The mixture chokes the moment I try to send it down my gullet, so I spit it out once the juices have been sucked dry. An operation that would have earned the derision of my old friend, Anasuya bai, who no one ever caught spitting paan.
Anasuya bai was our roundish, elderly ayah whose crinkly, sun-cracked face is the loveliest I remember from Pune.
She lived in a two-room servant quarters behind our house with her tall, grey haired, eminently venerable husband - Baba. The two of them served as gardener, cook, handy-man, baby-sitter and best friend for my family and me respectively.

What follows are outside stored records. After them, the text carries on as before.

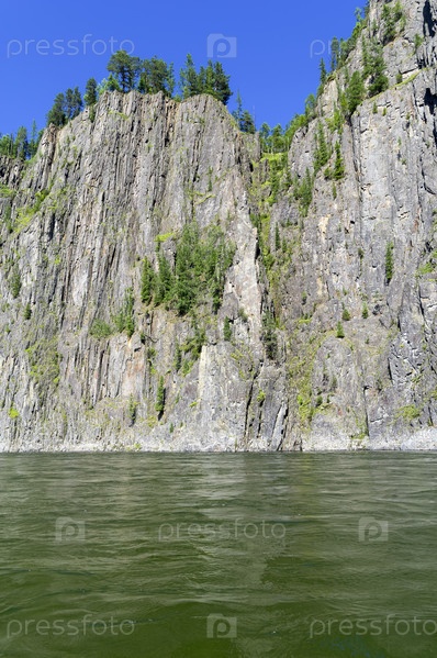Высокий отвесный скальный берег реки Ока Саянская. Иркутская область, Сибирь, Россия. Солнечный день в августе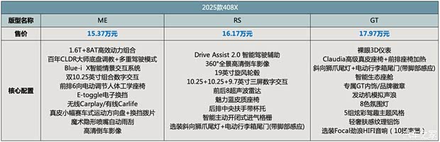 为了更好地满足消费者不断升级的用车需求,2025款408X共推出ME、RS和GT三个版型,在传承408X创新设计、精致内饰和ji致驾控的基础上,对配置进行了强化升级。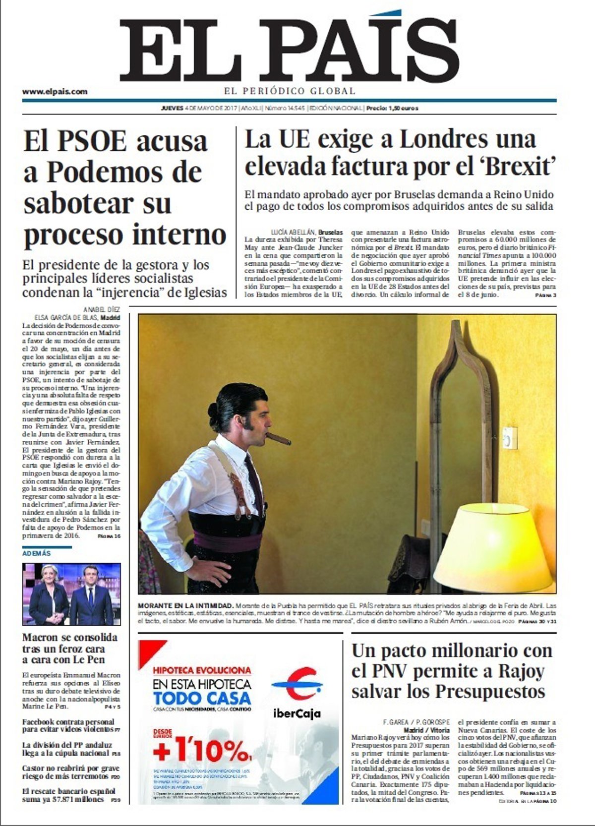 EL PAÍS: "El PSOE acusa a Podemos de sabotear su proceso interno"; "La UE exige a Londres una elevada factura por el 'Brexit'"; "Morante en la intimidad"; "Un pacto millonario con el PNV permite a Rajoy salvar los Presupuestos"; "Macron se consolida tras un feroz cara a cara con Le Pen".

At the end of a work weary day Anasuya bai would sit on a step outside her house with a stack of green betel leaves, a betel-nut cutter, supari (areca nuts) and her choona dabba (calcium hydrogen or edible lime). She would smile a placid smile and hand out coarse salt to my small friend (from across the hedge) and me, for raw mangoes plucked off a nearby tree. We would dip our mangoes into grubby paws full of 'borrowed' salt and watch the paan ceremony.
Anasuya bai's paans were the real deal, raw and unprepossessing; unmoved by the frummeries of spices and fruit preserves usually found in the popular sweet paan.
She would lay a paan patta on one of her ample thighs, tear its creamy stem and apply choona to the underside. Next, she would crack the supari into small pieces and rub the fragments in the hard cushion of her left palm with her right thumb till a brownish, veiny residue remained. This she would transfer on to the lime-slaked betel leaf which she would fold thrice. The finished paan would be tucked between her left cheek and red, betel juice stained teeth.
They don't make them like that any more.